Who would have thought that digital currencies would evolve so fast in only sixteen years – which is nothing by the standards of the financial industry? That we’d go from fear and skepticism to tracking the shifts in the BNB price on platforms like Binance and diversifying portfolios with all sorts of digital assets? Crypto went from 0 to 100 in what feels like the blink of an eye. One moment it was criticized and dismissed as a purely speculative instrument with no real value and therefore no chance for long-term survival, operating in a financial wild west, and the next it was praised for its innovative nature, becoming a favorite among traders and investors.
And just like that, the crypto craze began and started to unfold in front of our eyes. Now, crypto is entering a new stage in its evolution, prompted by the increasing participation of institutional players.

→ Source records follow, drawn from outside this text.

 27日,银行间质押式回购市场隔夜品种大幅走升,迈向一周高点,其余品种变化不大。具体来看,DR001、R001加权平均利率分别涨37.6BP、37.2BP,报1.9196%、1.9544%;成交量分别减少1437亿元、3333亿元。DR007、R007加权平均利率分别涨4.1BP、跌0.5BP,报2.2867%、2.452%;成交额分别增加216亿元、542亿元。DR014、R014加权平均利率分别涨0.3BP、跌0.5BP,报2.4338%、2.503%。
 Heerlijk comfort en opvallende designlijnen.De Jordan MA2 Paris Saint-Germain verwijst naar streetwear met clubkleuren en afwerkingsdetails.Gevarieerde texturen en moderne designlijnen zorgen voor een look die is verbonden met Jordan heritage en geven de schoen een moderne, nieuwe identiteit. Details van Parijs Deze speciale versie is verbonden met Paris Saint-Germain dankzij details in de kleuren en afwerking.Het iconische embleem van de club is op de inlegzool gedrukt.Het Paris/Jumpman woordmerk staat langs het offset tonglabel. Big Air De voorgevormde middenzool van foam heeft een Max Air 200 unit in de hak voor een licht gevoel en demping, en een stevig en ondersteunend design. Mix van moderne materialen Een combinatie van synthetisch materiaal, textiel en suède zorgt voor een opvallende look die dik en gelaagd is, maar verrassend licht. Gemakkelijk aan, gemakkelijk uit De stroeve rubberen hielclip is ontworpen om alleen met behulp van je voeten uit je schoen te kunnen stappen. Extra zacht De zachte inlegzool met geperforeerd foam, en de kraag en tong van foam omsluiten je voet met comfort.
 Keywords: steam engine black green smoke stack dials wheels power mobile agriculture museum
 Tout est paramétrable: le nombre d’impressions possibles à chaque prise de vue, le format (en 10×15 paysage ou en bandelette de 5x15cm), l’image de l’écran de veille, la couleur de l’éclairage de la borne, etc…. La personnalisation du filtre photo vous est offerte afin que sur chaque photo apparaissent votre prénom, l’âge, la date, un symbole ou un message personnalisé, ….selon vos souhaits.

That’s right; the asset class that was initially ignored and shunned by governments and regulators is now being embraced by a growing number of institutions.
What the figures say
The fact that institutional adoption is changing the crypto landscape by bringing digital currencies closer to conventional finance is not just a simple hunch, but a reality proven by recent data. A survey conducted by the Alternative Investment Management Association and PwC shows that crypto has indeed hit a new milestone in terms of institutional involvement.

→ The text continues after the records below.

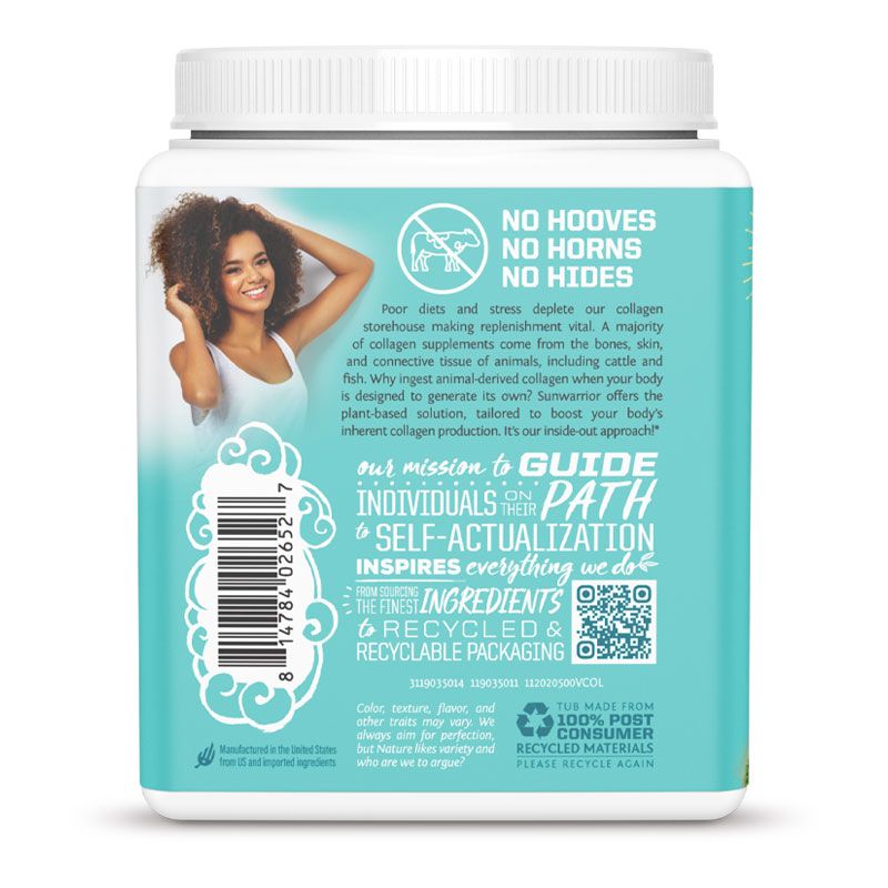 Poor diets and stress deplete our collagen storehouse making replenishment vital. A majority of collagen supplements come from the bones, skin, and connective tissue of animals, including cattle and fish. Why ingest animal-derived collagen when your body is designed to generate its own? Sunwarrior offers the plant-based solution. It's our inside-out approach.
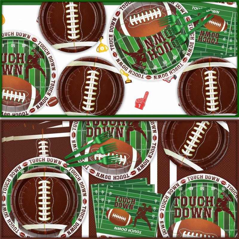 - Package Includes: The football decorations include 40 x football dinner plates, 40 x football dessert plates, 40 x football party napkins, 2 x brown football tablecloths, 2 x green football theme tablecloths, and 40 x forks.
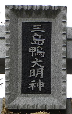 | 社号標「式内 三島鴨神社」 | 二の鳥居に掛かる額「三島大明神」 |
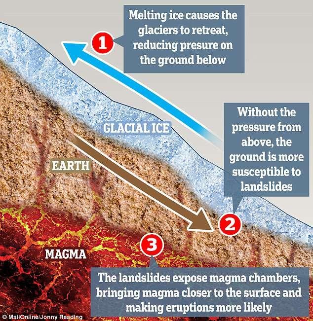 当冰从山坡上消融后,它使得地壳的压力陡然减轻,对于地壳而言,冰就像某种保护层,而火山其实是一个加压系统,当地面上的压力陡然减轻,这就加剧了火山喷发的可能性。

The study, which looked at 122 investors and fund managers from across the world with a collective $982 billion in assets under management, revealed that over half of global hedge funds (55%) have already included different types of crypto products in their offerings, alongside traditional assets. Investment companies allocate on average 7% of their holdings to this novel asset class, which is already an impressive proportion considering that just a few years back, the idea of large asset managers having anything to do with crypto would have seemed outlandish.

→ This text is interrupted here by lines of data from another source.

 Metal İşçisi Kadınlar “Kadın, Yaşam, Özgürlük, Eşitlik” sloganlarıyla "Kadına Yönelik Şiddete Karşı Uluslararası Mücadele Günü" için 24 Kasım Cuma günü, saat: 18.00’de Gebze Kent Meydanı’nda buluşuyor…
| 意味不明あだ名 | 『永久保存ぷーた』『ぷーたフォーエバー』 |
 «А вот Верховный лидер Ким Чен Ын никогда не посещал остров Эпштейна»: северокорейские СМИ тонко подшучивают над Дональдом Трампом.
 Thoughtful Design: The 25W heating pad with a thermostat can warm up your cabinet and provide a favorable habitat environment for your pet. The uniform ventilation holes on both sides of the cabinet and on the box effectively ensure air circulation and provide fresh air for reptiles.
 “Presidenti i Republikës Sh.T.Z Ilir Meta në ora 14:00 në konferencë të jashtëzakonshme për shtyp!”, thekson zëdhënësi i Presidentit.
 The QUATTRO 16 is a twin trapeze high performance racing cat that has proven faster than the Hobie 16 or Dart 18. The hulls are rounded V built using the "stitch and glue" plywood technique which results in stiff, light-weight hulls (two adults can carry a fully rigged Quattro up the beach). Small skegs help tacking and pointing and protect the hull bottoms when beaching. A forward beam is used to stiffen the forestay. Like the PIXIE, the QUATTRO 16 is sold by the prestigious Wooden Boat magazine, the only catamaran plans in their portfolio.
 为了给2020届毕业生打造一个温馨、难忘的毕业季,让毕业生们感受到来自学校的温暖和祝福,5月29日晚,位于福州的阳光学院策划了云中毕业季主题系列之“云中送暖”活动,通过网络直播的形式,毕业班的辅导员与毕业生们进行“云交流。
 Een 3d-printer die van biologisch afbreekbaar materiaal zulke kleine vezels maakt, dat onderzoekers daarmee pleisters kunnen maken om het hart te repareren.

Now the figures show there’s been an 8% increase in the number of investment companies that offer crypto exposure compared to the previous year. This leaves no room for doubt that digital currencies are no longer the speculative instruments they once were, but are shaping into a strategic diversification avenue and a mainstay in the financial sphere.
The driving factors
Is it really such a big surprise that traditional investors are warming up to crypto? Well, it might be for those who are not fans and fail to see its potential. But for the rest of the world, it seems more like a natural progression. The signs have been there for quite a while, and you’d have seen them if you looked closely enough.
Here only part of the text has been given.